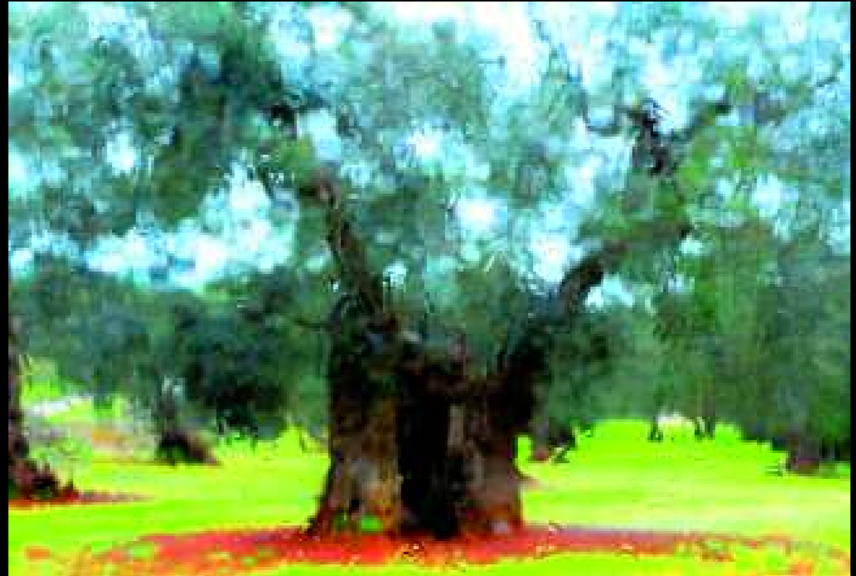
Salve 3, 2009

Secoli fra gli ulivi, forse non siamo altro che amanuensi “di quanto nei secoli è nostro per transito umano, da prima che nascessimo e nelle generazioni dei figli, nostro da sempre e per un attimo nel tempo fra gli ulivi dal quale venimmo.
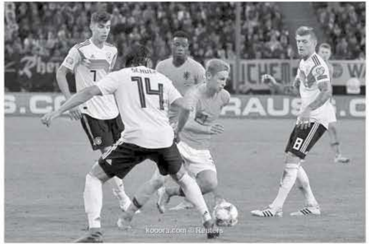
برلين - وكالات

منتخب الطواحين الثار من سقوطه أمام الألمان (2-3)، على ملعب يوهان كرويف أرينا، في مستهل التصفيات. وجاء الرد بطريفة أكثر قوة، ليرفع الطواحين رصيدهم إلى 6 نقاط في المركز الثالث، بينما تجهد رصيدهم ألمانيا عند 4 نقاط، في المرتبة الثانية، لكنها لعبت مباراة أكثر من هولندا، وغابت الخطورة عن المرمين في الدقائق الأولى، في ظل سيطرة هولندية على مجريات اللعب، قبل أن يصل الألمان بأول فرصة عن طريق تسديدة بعيدة المدى،
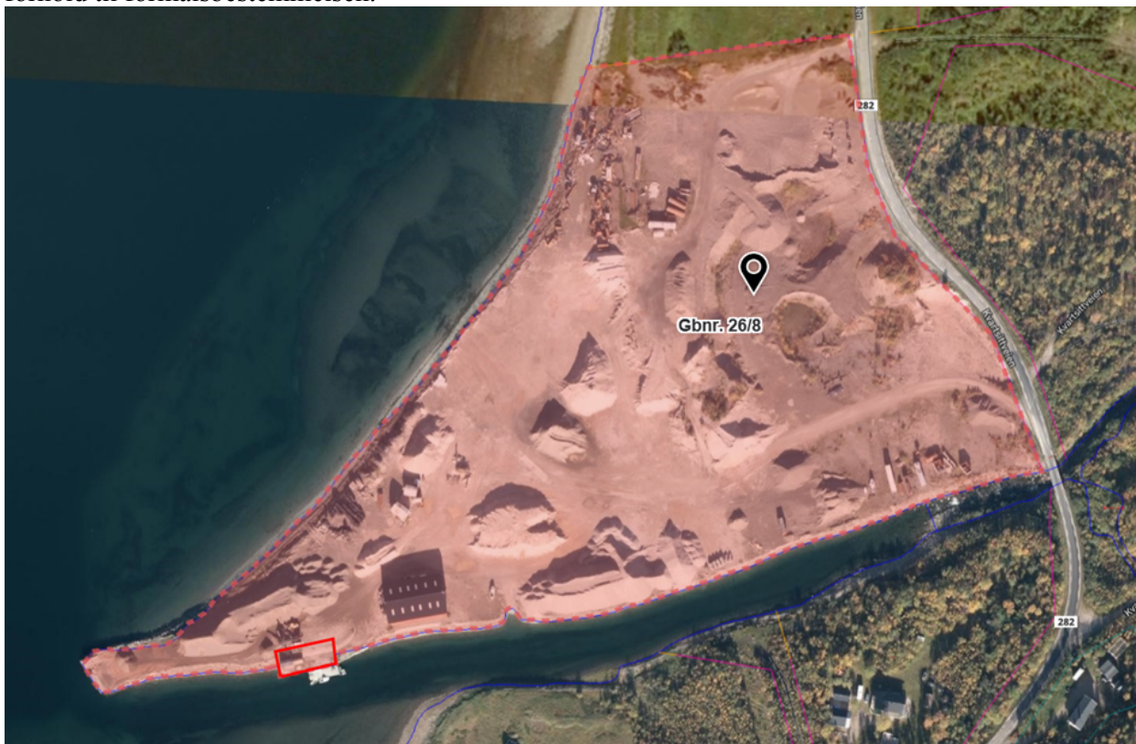
Bilde 1: Omsøkte området innrammet med rød linje.

I henhold til arealdelens planbeskrivelse pkt. 2.4.1.2 skal ervervsområdene opprettholdes. Utover dette sier ikke planen stort om disse områdene. Hovedformålet med disse områdene var å stimulere til næringsvirksomhet som kommunen har hatt praksis for å tillate i form av småskala virksomhet på gårds- og boligeiendommer. Spørsmålet er hvorvidt det omsøkte vil medføre at formålsbestemmelsen vil bli vesentlig tilsidesatt. Fysisk vil det omsøkte ikke legge beslag på mye av det totale landarealet i forhold til formålsbestemmelsen.
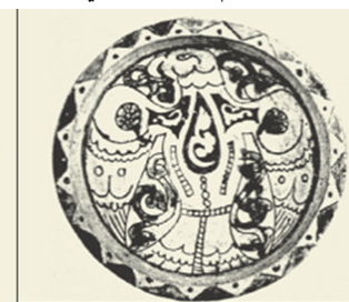
صورة رقم ۱۳: (هندي، قاضي زاده، ۱۳۹۱ش: ۴۹)
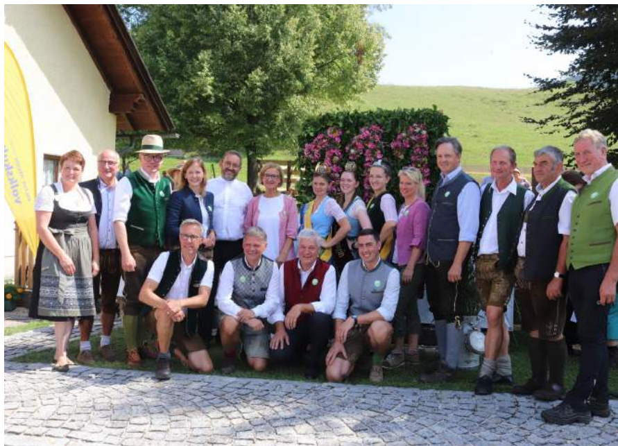
Landeshauptfrau Johanna Mikl-Leitner und Staatssekretärin Claudia Plakolm mit Vertretern des Bundes und Landes NÖ sowie der Landwirtschaftskammer und des Weidevereines.
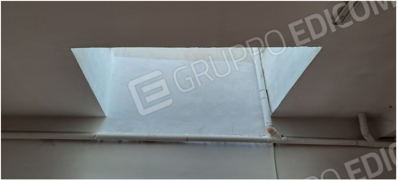
Figura 22 - lucernaio a soffitto
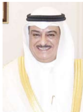
المستشار سعد الصفران

المجتمع لرفع الوعي بالجرائم الرقمية وبيان الإجراءات المتخذة حيالها بما يواكب تطور أساليب جرائم الاحتيال الإلكتروني. وأضاف أن هذه النيابة ستعمل على تفعيل مبادرات تعزز من القدرة على رصد الأنماط المستجدة لهذه الجرائم والتدخل السريع للحد من آثارها. ويعد هذا القرار خطوة مهمة في تأمين الاقتصاد الوطني وتعزيز سلامة المعاملات المالية للأفراد والمؤسسات وترسيخ بيئة اقتصادية مستقرة وآمنة. ومن المقرر أن يبدأ العمل في نيابة الشؤون المصرفية في عام 2026 إيماناً بمرحلة جديدة في مواجهة الجرائم المالية بحزم شديد واحترافية أعلى.
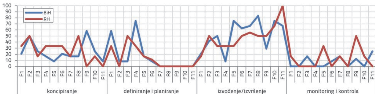
Slika 2. Važnost ključnih faktora prema investitoru u BiH i RH

Na osnovi analiza pokazalo se da postoje očite razlike u shvaćanju važnosti svakog pojedinačnog ključnog faktora kvalitete tijekom faza projekta i od strane različitih sudionika u projektu (slike 2. do 5.). Za faktor F1 (planiranje i kontrola) u BiH investitori, izvođači i voditelji projekta smatraju da je za fazu definiranja i planiranja ovaj faktor najvažniji, dok u
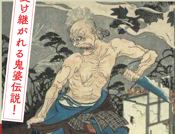
⑩ 歌川国芳 観世音霊験(部分) 天保十三年(一八四二)か
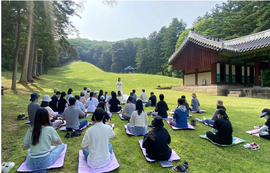
< '숙종의 길' 행사 진행 사진('23.5.15.) >
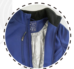
FORRO TÉRMICO ACTIVE - HEAT
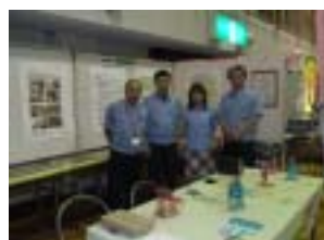
柴田町環境フェア
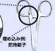
埋め込み例: 把持鉗子
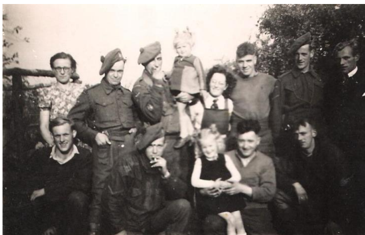
Een deel van de familie Daanen met Schotse soldaten; Privéarchief W.J.D.

Het Land van Maas en Waal was bevrijd maar de slag om Arnhem ging ondanks alle inzet verloren. De oorlog was nog niet voorbij en het was nog lang niet veilig. De Duitsers hadden het voor het zeggen aan de noordzijde van de rivier de Waal, op nog geen zeven kilometer van Maasbommel. Nijmegen en het Land van Maas en Waal kwamen in de frontlinie te liggen. Na de mislukte opmars bij Arnhem,
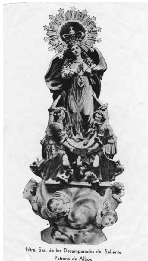
Ntra. Sra. de los Desamparados del Saliente Patrona de Albox
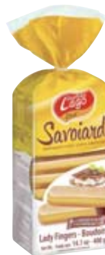
SAVOIARDI ELLEDI 400G
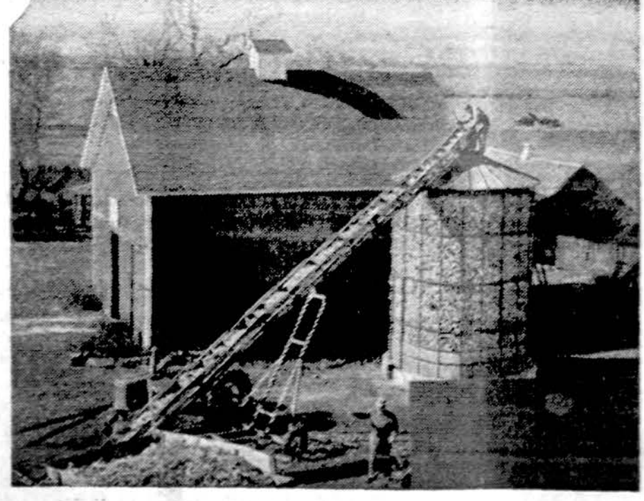
Amerikos ūkininkai krauna savo derlių žiemai

Beirutas. — Po 9 dienų pailaubų kovos Beirute atsinaujino. Iš abiejų pusių buvo panaudoti mortarai ir tankai. 45 žmonių buvo užmušti.
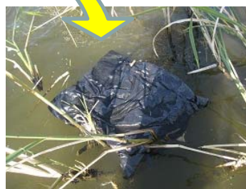
設置した産卵状況調査キット
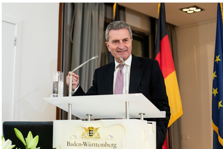
Die Pforzheimer Teilnehmer der Delegation in der Landesvertretung Baden-Württembergs und der deutsche EU-Kommissar Günther Oettinger
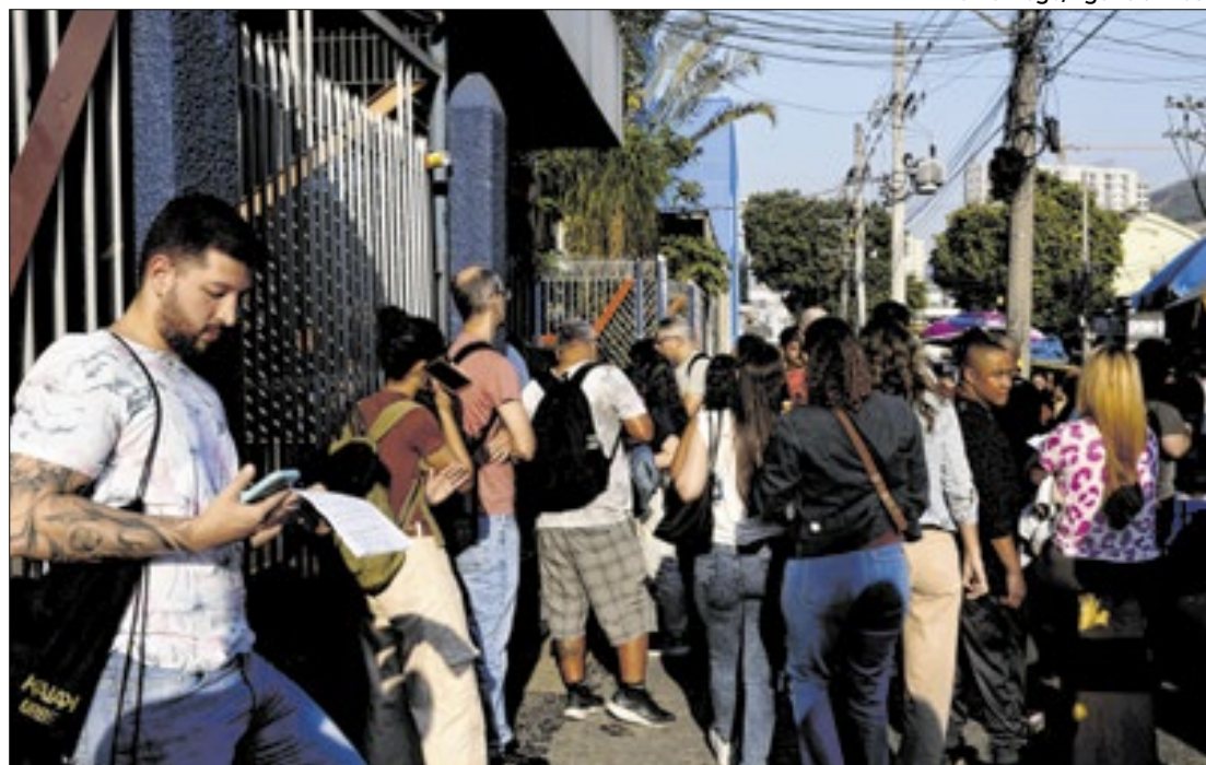
Os cursos de formação estão previstos para aprovados nos blocos 1 a 7

A convocação para os cursos são para os candidatos aprovados nos cargos de Especialista em Políticas Públicas e Gestão Governamental (EPPGG); Analista de Comércio Exterior (ACE); Analista em Tecnologia da Informação (ATI); Analista Técnico de Políticas Sociais (ATPS); Analista de Infraestrutura (AIE); Especialista em Regulação de Serviços Públicos de Energia (Anel); Especialista em Regulação de Serviços de Transportes Aqua-

- [What is being asked]: An exact copy of the lines above from the one with "منتخب الطواحين الثار" up to and including the one with "Bilde 1: Omsøkte" is required; reproduce only those lines, omitting all pictures.

- [Worked solution]:
منتخب الطواحين الثار من سقوطه أمام الألمان (2-3)، على ملعب يوهان كرويف أرينا، في مستهل التصفيات. وجاء الرد بطريفة أكثر قوة، ليرفع الطواحين رصيدهم إلى 6 نقاط في المركز الثالث، بينما تجهد رصيدهم ألمانيا عند 4 نقاط، في المرتبة الثانية، لكنها لعبت مباراة أكثر من هولندا، وغابت الخطورة عن المرمين في الدقائق الأولى، في ظل سيطرة هولندية على مجريات اللعب، قبل أن يصل الألمان بأول فرصة عن طريق تسديدة بعيدة المدى،
Bilde 1: Omsøkte området innrammet med rød linje.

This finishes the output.